Using the records below, output the stretch that opens with the line containing "SHP 5/2012. PL-15." and closes with the line containing "On Saturday evening", exactly and including both lines, with nothing more.

·····

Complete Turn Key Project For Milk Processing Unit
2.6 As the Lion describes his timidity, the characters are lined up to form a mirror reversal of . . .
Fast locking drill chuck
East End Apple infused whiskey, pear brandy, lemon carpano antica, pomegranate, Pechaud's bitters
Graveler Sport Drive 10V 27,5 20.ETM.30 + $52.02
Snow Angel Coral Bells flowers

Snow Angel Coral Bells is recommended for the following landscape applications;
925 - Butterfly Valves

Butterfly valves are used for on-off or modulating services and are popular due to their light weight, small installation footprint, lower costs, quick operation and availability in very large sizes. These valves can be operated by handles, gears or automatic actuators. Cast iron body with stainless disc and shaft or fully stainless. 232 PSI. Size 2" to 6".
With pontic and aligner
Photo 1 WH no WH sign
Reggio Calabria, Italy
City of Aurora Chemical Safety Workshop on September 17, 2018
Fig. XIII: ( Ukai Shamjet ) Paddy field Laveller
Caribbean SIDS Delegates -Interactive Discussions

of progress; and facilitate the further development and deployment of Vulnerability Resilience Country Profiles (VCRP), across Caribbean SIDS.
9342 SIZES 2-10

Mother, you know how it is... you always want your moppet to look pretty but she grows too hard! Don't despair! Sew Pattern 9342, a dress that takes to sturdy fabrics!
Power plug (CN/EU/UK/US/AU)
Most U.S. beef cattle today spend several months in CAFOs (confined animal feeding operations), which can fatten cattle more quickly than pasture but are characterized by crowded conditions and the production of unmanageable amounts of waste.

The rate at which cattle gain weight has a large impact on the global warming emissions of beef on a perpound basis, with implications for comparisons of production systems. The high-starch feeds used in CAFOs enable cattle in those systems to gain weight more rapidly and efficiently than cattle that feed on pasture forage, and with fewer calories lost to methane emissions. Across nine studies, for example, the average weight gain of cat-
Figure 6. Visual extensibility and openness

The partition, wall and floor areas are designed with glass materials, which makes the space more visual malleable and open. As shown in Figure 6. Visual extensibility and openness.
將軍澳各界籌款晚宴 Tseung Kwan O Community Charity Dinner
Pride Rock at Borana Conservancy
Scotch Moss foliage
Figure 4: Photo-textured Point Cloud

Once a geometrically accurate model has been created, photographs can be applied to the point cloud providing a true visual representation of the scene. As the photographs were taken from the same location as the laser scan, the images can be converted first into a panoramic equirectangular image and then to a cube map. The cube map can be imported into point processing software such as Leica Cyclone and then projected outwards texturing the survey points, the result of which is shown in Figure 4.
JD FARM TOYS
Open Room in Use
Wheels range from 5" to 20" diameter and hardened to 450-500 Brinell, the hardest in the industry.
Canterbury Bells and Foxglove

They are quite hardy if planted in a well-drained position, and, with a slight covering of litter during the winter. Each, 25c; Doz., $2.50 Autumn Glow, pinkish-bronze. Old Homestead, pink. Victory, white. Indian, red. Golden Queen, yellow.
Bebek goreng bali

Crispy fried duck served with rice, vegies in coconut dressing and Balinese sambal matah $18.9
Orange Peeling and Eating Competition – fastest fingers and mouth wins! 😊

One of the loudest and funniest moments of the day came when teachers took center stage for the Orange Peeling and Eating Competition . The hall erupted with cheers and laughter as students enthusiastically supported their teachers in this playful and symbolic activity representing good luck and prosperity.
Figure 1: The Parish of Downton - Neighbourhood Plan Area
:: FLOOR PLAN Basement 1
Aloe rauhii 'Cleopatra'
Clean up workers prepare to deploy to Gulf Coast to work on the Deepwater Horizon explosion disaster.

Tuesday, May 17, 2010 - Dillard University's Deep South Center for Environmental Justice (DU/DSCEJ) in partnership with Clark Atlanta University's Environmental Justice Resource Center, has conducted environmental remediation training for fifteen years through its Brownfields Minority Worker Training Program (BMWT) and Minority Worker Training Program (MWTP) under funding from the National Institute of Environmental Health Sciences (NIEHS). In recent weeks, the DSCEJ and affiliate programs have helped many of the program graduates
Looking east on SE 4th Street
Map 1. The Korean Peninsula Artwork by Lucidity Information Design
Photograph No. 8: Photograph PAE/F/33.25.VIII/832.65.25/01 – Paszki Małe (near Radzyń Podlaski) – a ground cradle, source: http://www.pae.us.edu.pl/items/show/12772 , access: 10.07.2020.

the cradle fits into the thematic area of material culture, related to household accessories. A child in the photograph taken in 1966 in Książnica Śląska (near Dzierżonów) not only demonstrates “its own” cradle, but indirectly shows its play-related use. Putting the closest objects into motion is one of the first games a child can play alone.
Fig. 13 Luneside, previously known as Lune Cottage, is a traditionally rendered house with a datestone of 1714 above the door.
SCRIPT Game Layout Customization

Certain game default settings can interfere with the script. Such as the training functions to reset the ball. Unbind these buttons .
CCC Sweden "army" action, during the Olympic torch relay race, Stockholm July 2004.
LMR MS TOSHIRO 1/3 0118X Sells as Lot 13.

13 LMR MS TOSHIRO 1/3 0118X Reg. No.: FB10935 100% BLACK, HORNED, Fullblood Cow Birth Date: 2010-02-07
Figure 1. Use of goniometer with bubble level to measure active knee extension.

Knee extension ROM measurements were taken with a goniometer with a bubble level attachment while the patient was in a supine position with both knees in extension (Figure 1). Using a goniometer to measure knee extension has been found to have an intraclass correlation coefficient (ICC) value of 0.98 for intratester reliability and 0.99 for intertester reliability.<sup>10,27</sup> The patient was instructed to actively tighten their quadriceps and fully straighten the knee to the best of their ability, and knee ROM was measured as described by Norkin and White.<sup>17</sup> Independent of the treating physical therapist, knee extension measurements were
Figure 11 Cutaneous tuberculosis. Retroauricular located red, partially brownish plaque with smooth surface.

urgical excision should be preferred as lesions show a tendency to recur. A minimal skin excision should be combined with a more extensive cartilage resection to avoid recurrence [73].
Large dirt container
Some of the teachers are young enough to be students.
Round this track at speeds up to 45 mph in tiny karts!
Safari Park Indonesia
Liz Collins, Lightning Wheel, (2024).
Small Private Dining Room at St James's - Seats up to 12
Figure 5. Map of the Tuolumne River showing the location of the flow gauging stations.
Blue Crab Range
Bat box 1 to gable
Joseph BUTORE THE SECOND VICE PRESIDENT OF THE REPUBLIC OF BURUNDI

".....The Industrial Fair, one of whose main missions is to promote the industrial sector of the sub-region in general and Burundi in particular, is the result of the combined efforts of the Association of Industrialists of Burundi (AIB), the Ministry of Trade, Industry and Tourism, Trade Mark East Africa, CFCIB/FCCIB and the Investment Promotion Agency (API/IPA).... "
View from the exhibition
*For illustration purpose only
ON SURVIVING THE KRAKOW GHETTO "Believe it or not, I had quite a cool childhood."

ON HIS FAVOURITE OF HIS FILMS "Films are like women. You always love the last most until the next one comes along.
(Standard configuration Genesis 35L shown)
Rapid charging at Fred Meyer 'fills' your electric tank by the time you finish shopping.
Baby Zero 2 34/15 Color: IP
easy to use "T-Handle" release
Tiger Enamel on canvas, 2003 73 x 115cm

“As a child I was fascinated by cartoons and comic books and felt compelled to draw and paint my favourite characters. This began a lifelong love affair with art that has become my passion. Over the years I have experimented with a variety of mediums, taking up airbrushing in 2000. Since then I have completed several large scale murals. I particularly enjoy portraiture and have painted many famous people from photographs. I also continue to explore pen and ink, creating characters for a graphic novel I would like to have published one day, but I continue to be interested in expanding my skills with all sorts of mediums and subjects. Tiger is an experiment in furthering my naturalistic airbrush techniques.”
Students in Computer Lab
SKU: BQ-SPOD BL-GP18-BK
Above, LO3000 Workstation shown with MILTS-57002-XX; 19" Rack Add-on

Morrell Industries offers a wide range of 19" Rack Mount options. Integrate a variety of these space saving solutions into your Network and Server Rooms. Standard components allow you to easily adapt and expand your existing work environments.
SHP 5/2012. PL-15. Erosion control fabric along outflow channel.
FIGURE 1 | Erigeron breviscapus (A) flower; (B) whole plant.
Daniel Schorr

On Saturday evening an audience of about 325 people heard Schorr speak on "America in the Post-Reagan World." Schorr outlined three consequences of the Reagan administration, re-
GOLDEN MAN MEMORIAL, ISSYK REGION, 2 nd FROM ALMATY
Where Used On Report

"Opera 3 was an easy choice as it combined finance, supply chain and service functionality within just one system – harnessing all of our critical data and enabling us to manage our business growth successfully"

·····

The completed task.
SHP 5/2012. PL-15. Erosion control fabric along outflow channel.
FIGURE 1 | Erigeron breviscapus (A) flower; (B) whole plant.
Daniel Schorr

On Saturday evening an audience of about 325 people heard Schorr speak on "America in the Post-Reagan World." Schorr outlined three consequences of the Reagan administration, re-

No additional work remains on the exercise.